Monday, August 31, 2009

I know I know.

Its been a while, again. I have no excuse for my intermittent behavior. None. I will say that I have such lofty aspirations and have been thinking of writing... so if it is the thought that counts than I guess I have been quite prolific. Not buying it?? I guess it only works with gifts? Ok then I will just write for my own amusement as I am sure that I have whittled the readers down to basically family members with my lack of entries.
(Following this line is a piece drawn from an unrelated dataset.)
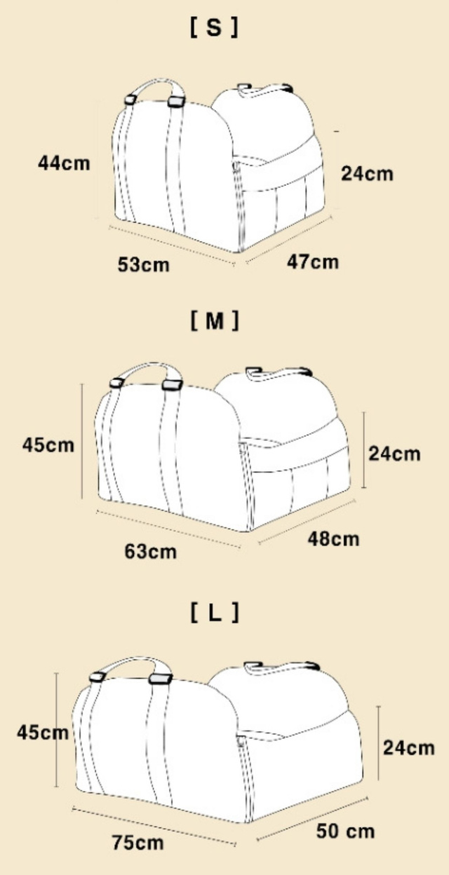 重さ S サイズ:約3.5㎏ Mサイズ:約4.5㎏ Lサイズ:約5.5㎏ ペットの大きさ対応目安 Sサイズ:4kg~10Kg Mサイズ:8kg~15kg Lサイズ:12kg~25kg 材質 生地:ナイロン、綿、ポリエステル ※サイズの測り方はなるべく誤差が出ないように努力しておりますが、商品の立体の特性上若干の誤差(約1~4cm前後)が生じる場合がございます。

I was reminiscing the other day, buy myself you see, whilst busily cleaning or crafting or taking care of kids or running around putting out proverbial fires, or whatever the day might have entailed, and I came upon an idea about writing about my memories from childhood. It may be the worst idea I have ever had or it just might turn out to be the most therapeutic endeavor I have ever undertaken. I have not ever really been allowed, by myself or my mother, to feel that any kind of therapy or counseling is valid or warranted, so I am supposing that I will find little relief but a good deal of amusing fodder for the fuel of my creative fire.
I imagine that the earliest memories we can conjure up in our minds are almost always not memories in the true sense of the word but, rather stories that we have heard retold again and again until their image is cemented into our brains forcing us to relive something that our brains were clearly trying to block out. The reason for said blockage may not be something vile or distasteful but could just be the fruits of something that we were to busy growing to file away. Mine is definitely some conglomeration of the two.
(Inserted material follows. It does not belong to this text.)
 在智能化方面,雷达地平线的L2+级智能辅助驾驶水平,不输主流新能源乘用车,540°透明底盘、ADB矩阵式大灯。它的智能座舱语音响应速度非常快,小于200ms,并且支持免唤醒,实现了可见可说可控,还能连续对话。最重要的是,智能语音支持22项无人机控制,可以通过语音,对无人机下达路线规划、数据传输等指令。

I was just a wee little lass. Long and springy piggy tails sprouting from my small but imaginative and curious head. The family cat had only very recently given birth to a litter of kittens. I loved kittens. So cute and playful. Being that the mother cat was an "outside kitty" the kittens were unceremoniously thriving outside under the deck of our house. I have no other memories of the house accept that the kitchen was directly behind the glass sliding door that connected our second story deck to the house. It was here on a chilly morning that I found myself outside playing with my older brother. He, by the way, was always my hero. It seemed to me that there was nothing that he could not do. Finding the little kittens, so cute and helpless, we began loving them. Picking them up and playing with each one. Their little cries egging us on to play with them more. It is my understanding, that at some point in this serene and surreal environment that things took a turn for the worse. Behind a shed that housed our lawn mower and other garden utensils, there was a bag of lye. Or a box of lye. Or a bucket of lye. I am never quite sure how it was packaged. Apparently it seemed hilarious to very small children that kitties should be covered in the stuff and that if you threw them into it just hard enough they made a perfect little cloud of dust and then ran off. I guess at some point I tried to save the little kitties from being treated so discourteously. I slung one of the little guys into the crook of my arm whilst holding another about the neck with my hands. Strangely the sounds of their gentle mewing had stopped and I interpreted them as being asleep. When my mother came out and saw the happenings of the yard she gasped and demanded to know what we were doing. From all accounts, not wanting to be chastised for playing with the kittens we "spiked" them yet again and tried to understand what we had done.
Now I have a few questions about this memory, if you could really call it that. One, why did we have a parcel of lye in our back yard that was accessible to children? And two, where was the mother cat during all of this genocide? And three, well thirdly, where were my other siblings?
All but one of the kittens were, sadly, asphyxiated. The last one had to be rescued by my mother who sat up countless nights with the little thing feeding it goat's milk with a dropper. It was never a normal cat and surly held out some contempt for us.
I have always hated this story and only relate it now as it is so late and my defenses are down. I do, however, think it is the earliest memory that I have and I do remember the kitchen where the little kitten was brought back from the depths of despair. I have always wondered why this story was always related during an attempt to make people laugh as it is a bit horrifying. But here I am doing the same thing. So enjoy, if you can, at the expense of my poor kitties and their untimely doom. I know the family will hear the story again whether they like it or not.





due to my lame computer I am unable to post a suitable graphic for this post. sorry.